| Activity |
The entire listing that follows must be repeated exactly, pictures excluded.

| Information provided |
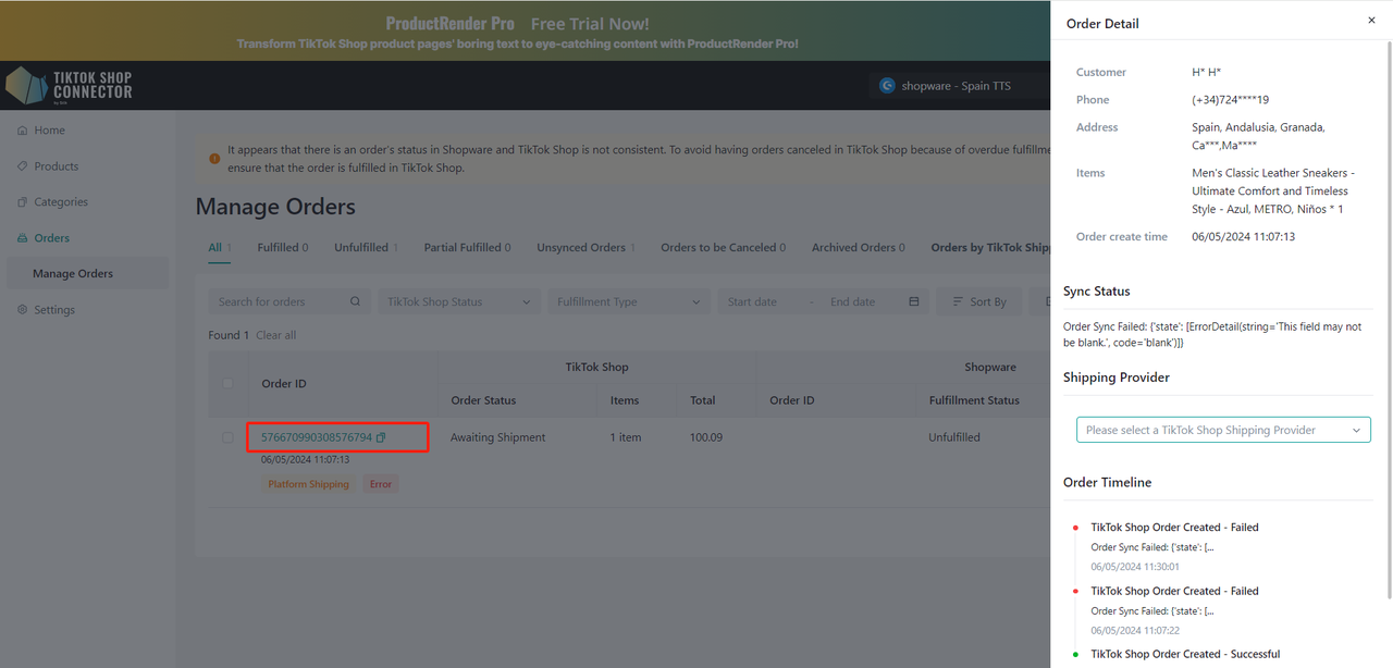 Jeśli produkt został "synced" do TikTok Shop, ale nie pojawia się w TikTok, sprawdź "sync status", aby zobaczyć komunikat błędu.
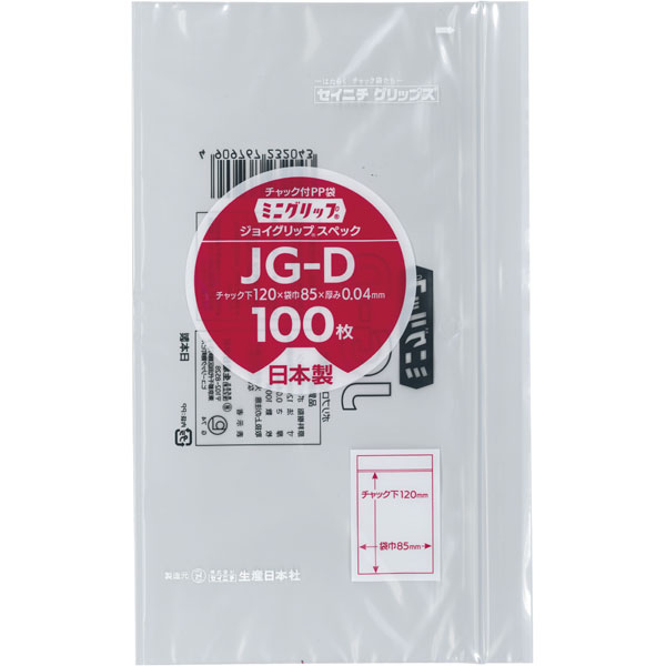 【規格内容】チャック下120×袋幅85mm【厚み】0.04mm【材質】PP(ポリプロピレン)【補足1】国内生産品【補足2】使い捨て【色】透明【柄】柄無【キーワード】ビニール袋、ポリ袋、ポリエチレン袋【商品特徴】透明性抜群のポリプロピレン製のチャック付袋。チャック部分をリニューアル、開口部の段差が広がり、さらに開けやすくなりました!防湿性があり乾燥剤のご使用が可能ですので、繊維製品、日用雑貨品の他、乾燥農産加工食品、乾燥海産加工食品等の包装にもご利用いただけます。汎用性の高いフィルム厚0.04mm、チャック部分カラー着色タイプ。「セイニチグリップス」は、開けやすく閉めやすい、かつ高い密閉性を実現した、チャック付き規格袋シリーズです。タイプも色々取り揃えました。安全で安心な日本製です。
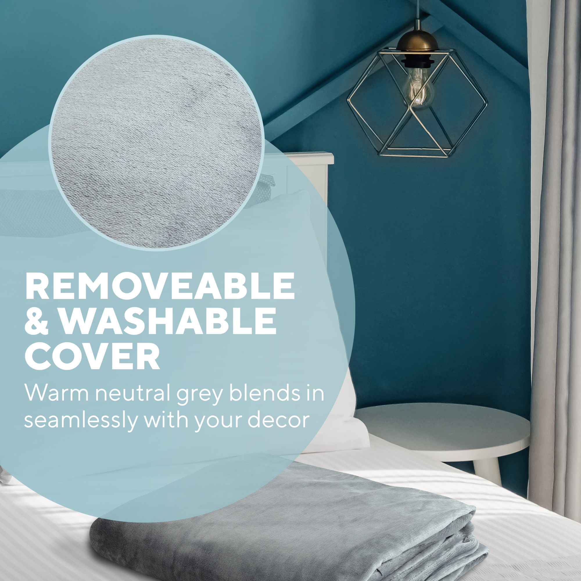 - The HoMedics Weighted Blanket feels like a big hug. Engineered to facilitate calmness, let your anxiousness melt away and feed grounded. Perfect for winter, the plush fabric is super soft to the touch. The cover is removeable and washable so you can enjoy the fresh, soft feeling time and time again.
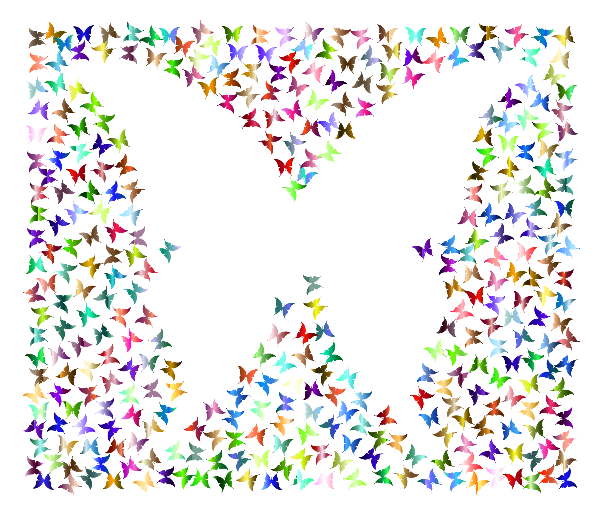 This features a large, colorful butterfly made up of many smaller butterflies. These smaller butterflies are scattered throughout the scene in various colors and sizes, creating an eye-catching pattern that resembles a kaleidoscope. The overall effect is a vibrant and lively display of butterflies, showcasing their beauty and diversity.

| Answer to this task |
 Jeśli produkt został "synced" do TikTok Shop, ale nie pojawia się w TikTok, sprawdź "sync status", aby zobaczyć komunikat błędu.
 【規格内容】チャック下120×袋幅85mm【厚み】0.04mm【材質】PP(ポリプロピレン)【補足1】国内生産品【補足2】使い捨て【色】透明【柄】柄無【キーワード】ビニール袋、ポリ袋、ポリエチレン袋【商品特徴】透明性抜群のポリプロピレン製のチャック付袋。チャック部分をリニューアル、開口部の段差が広がり、さらに開けやすくなりました!防湿性があり乾燥剤のご使用が可能ですので、繊維製品、日用雑貨品の他、乾燥農産加工食品、乾燥海産加工食品等の包装にもご利用いただけます。汎用性の高いフィルム厚0.04mm、チャック部分カラー着色タイプ。「セイニチグリップス」は、開けやすく閉めやすい、かつ高い密閉性を実現した、チャック付き規格袋シリーズです。タイプも色々取り揃えました。安全で安心な日本製です。
 - The HoMedics Weighted Blanket feels like a big hug. Engineered to facilitate calmness, let your anxiousness melt away and feed grounded. Perfect for winter, the plush fabric is super soft to the touch. The cover is removeable and washable so you can enjoy the fresh, soft feeling time and time again.
 This features a large, colorful butterfly made up of many smaller butterflies. These smaller butterflies are scattered throughout the scene in various colors and sizes, creating an eye-catching pattern that resembles a kaleidoscope. The overall effect is a vibrant and lively display of butterflies, showcasing their beauty and diversity.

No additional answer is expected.